**Your assignment**
Everything from the line containing "按照轻型货车的标准被管理的皮" to the last line of the material below must be retyped exactly, both ends included; skip the pictures.

**Provided data**
──────────

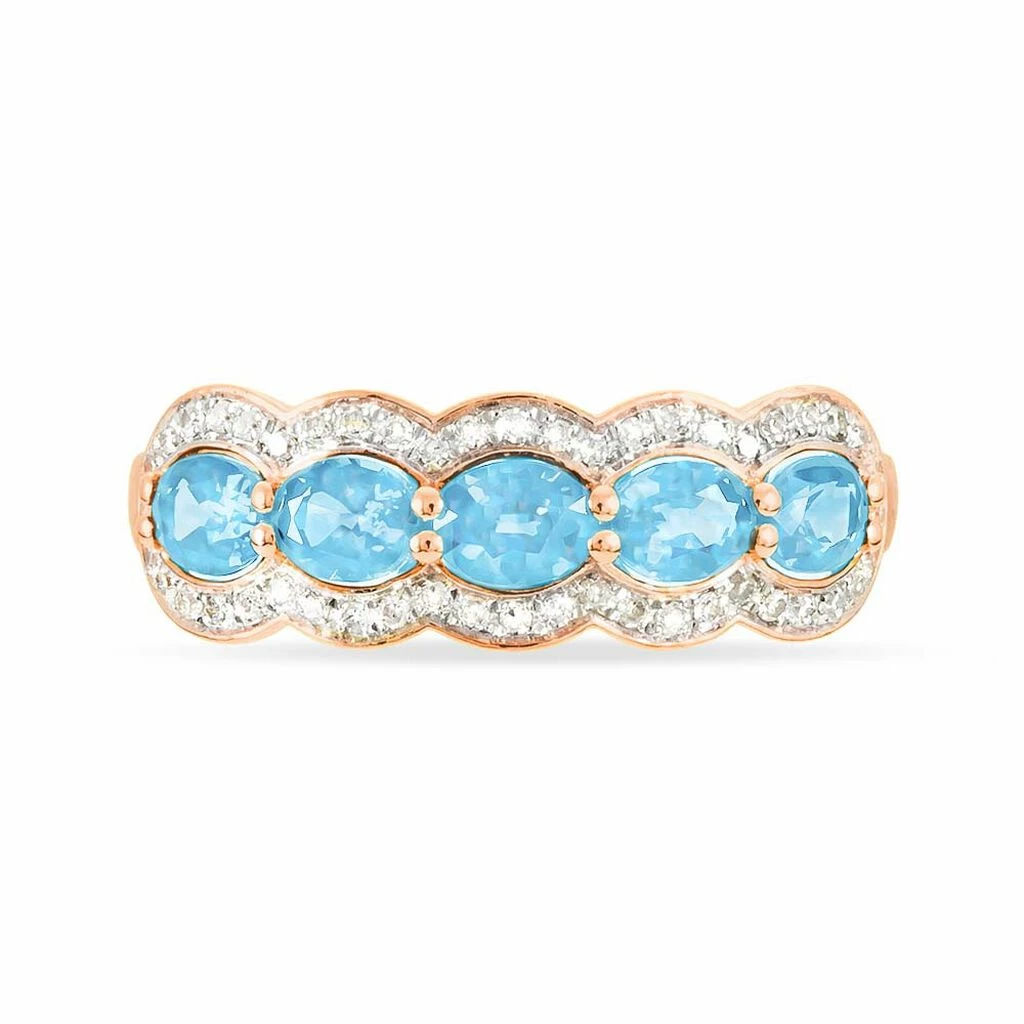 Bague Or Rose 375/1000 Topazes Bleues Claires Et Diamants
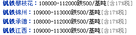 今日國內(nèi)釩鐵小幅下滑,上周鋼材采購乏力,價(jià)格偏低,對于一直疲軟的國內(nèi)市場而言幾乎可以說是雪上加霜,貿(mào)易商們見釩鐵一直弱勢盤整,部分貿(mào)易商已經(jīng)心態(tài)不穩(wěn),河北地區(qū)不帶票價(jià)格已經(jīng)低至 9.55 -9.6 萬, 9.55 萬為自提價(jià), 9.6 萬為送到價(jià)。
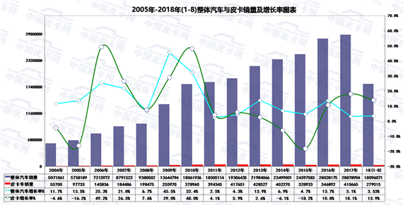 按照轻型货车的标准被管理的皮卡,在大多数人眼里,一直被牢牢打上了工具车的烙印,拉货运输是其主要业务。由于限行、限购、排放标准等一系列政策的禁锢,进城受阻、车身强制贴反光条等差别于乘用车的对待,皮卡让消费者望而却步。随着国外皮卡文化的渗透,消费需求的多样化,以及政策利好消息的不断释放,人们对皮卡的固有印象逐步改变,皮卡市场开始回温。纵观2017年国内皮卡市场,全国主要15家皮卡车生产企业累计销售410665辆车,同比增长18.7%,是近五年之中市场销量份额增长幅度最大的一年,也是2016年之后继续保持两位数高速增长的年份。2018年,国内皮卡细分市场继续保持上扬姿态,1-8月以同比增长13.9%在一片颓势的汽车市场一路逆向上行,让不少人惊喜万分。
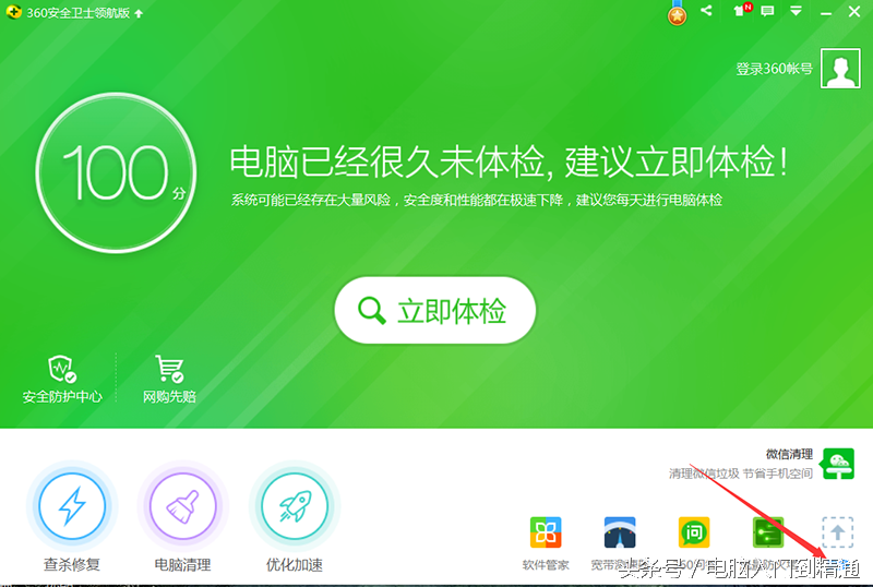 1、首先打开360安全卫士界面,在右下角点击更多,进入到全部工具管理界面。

──────────

**Worked solution**
 按照轻型货车的标准被管理的皮卡,在大多数人眼里,一直被牢牢打上了工具车的烙印,拉货运输是其主要业务。由于限行、限购、排放标准等一系列政策的禁锢,进城受阻、车身强制贴反光条等差别于乘用车的对待,皮卡让消费者望而却步。随着国外皮卡文化的渗透,消费需求的多样化,以及政策利好消息的不断释放,人们对皮卡的固有印象逐步改变,皮卡市场开始回温。纵观2017年国内皮卡市场,全国主要15家皮卡车生产企业累计销售410665辆车,同比增长18.7%,是近五年之中市场销量份额增长幅度最大的一年,也是2016年之后继续保持两位数高速增长的年份。2018年,国内皮卡细分市场继续保持上扬姿态,1-8月以同比增长13.9%在一片颓势的汽车市场一路逆向上行,让不少人惊喜万分。
 1、首先打开360安全卫士界面,在右下角点击更多,进入到全部工具管理界面。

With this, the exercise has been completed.